Credibility contributes to the ethos of the person making the claim. Without ethos, a person may not have a valid reason to be believed, or may have trouble reaching their audience. In a way, integrating research gives the writer an opportunity to practice a kind of humility—of drawing upon the work of someone with more expertise. Research ensures that the author has engaged in a process of listening to a conversation of key voices—and has then joined the conversation.


This section introduces the research process, discusses finding, evaluating, and incorporating sources into your own writing, explains ways of finding a thesis for your research project (“Stasis Theory”) and ways of organizing your writing in this genre (“Using Toulmin to Organize Your Thinking” and “Organizing an Argument”).

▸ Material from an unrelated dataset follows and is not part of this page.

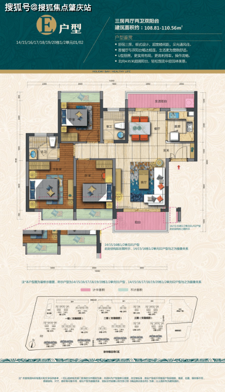 🏡108-110㎡ 三房两厅两卫【14至20栋】

Examples of research-based genres of writing in this section include anthropologist Emily Martin’s classic piece on how sexism influences how we view “objective” scientific findings (“The Egg and the Sperm); “Is Google Making Us Stupid?” in which tech writer Nicholas Carr examines scientific research into technology’s effects on our brains; “Tip Jars and the New Economy” by sociologist Dalton Conley, which explores the social and economic implications of tipping culture for service workers and society as a whole. In “The Russians Are (Still?) Coming,” Baruch student Arin Kukharsky argues that the U.S. film industry has helped create and perpetuate stereotypes about Russian people for economic and political reasons, and in “Avoiding Misconceptions: Immigrants are Beneficial to Society,” student Suhaib Qasim uses research to dispel negative stereotypes about immigration in America.


Work Cited


Wineburg, Sam, et. al.. Evaluating Information: The Cornerstone of Civic Online Reasoning. Stanford, CA: Stanford Digital Repository, 2016.